Charles Lewis Educational Testing Service
Suppose you were reading a journal article describing the results of a repeated measures experiment and you cam across statements such as "the main effect of Alternation Rate was marginally significant, F(5, 115) = 2.06, p < .08, and the Playing Speed × Alternation Rate interaction was reliable, F(5, 115) = 3.48, p < .01. . . . The main effect of Playing Speed [was not] significant . . . F(1, 23) = 2.56, ns" ( Samuel, 1991, p. 396).1 Leaving aside any substantive interpretation of these effects, what would your reaction be to the statistical information that has been given? (For completeness, it should be noted that the 2 × 6 cell means that are being compared in the analysis are also plotted in an accompanying figure.)

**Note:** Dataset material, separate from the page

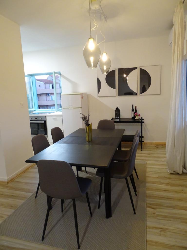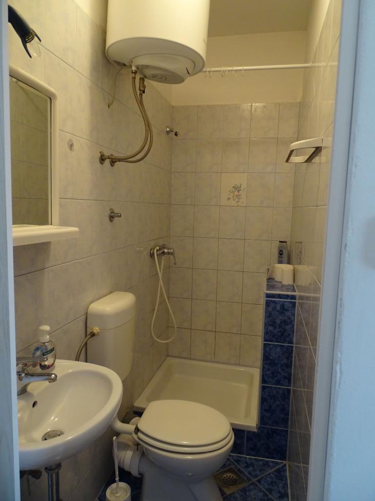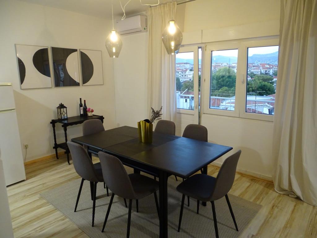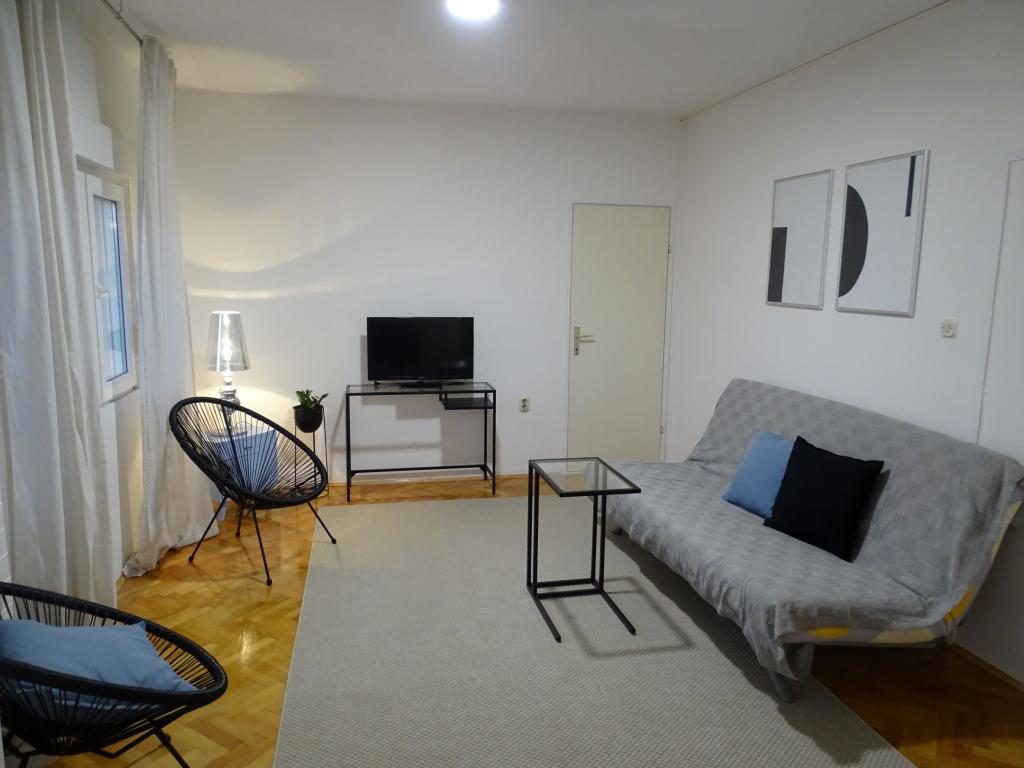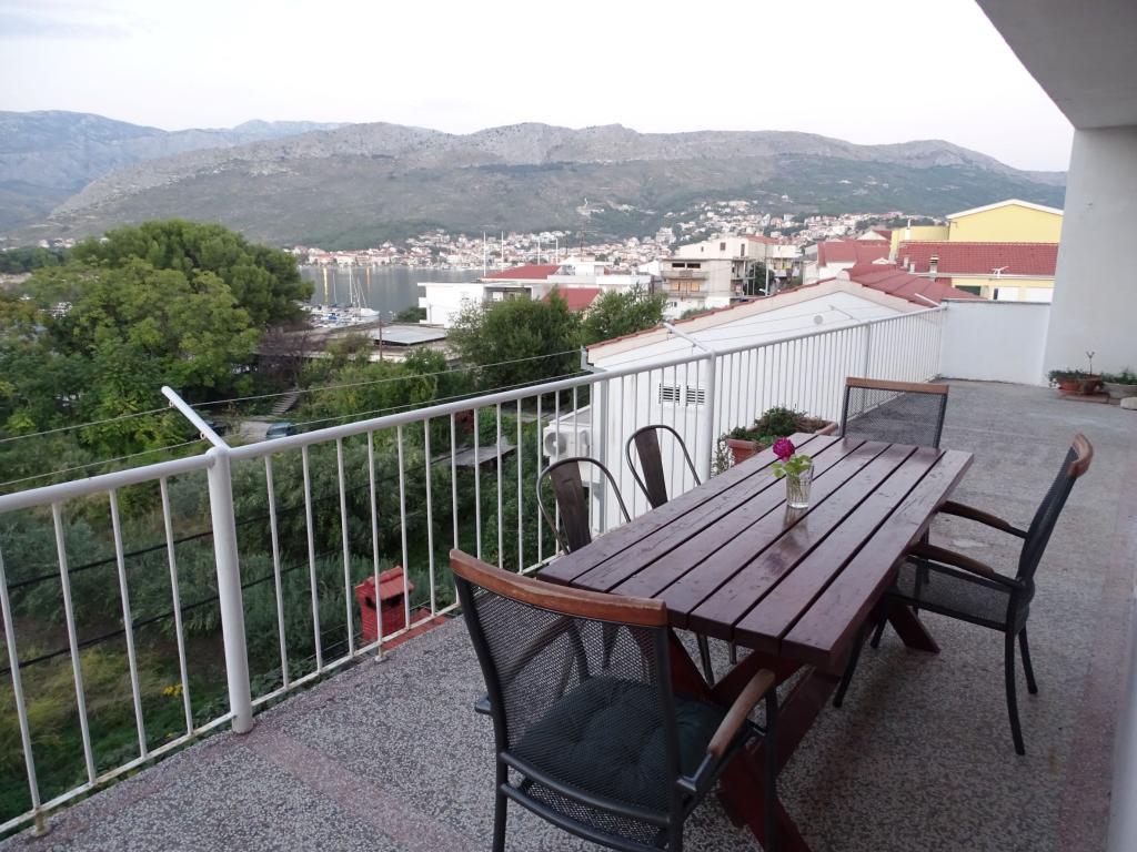 Kompletno opremljen cetverosobni prostrani apartman sa velikom terasom i prekrasnim pogledom. Nalazi se na 2.katu, ujedno i zadnjem manjeg stambenog objekta. Objektu je moguce pristupiti automobilom, a sam parking je moguc na privatnom parkingu uz nadoplatu. Smjesten je u staroj jezgri Stobreca, na polutoku, te je vise plaza dostupno laganom setnjom do 100m udaljenosti. Centar mjesta sa restoranima, kaficima, ljekarnom, parkom, djecjim igralistem, autobusnim stajalistem i kasinom se nalazi 100m od apartmana.

To focus attention on the object of concern, suppose the reported p values were changed as follows: for Alternation Rate, from <.08 (actually .075) to .165; for the interaction, from <.01 (actually .006) to .075; and for Playing Speed, no change (current value .123). Would your reaction to the results change at all? The author would apparently now identify both main effects as ns, and the interaction as marginally significant. The same sort of changes could be made for the p values associated with any standard F test of a main effect or interaction involving a repeated measures factor with three or more levels. But wait a moment! Where did these new p values come from and what do they represent?
Almost 40 years ago, Box ( 1954) pointed out that correlated observations in the analysis of variance can have an impact on the probability of a Type I error for any F test used to test hypotheses about means. One place where correlated____________________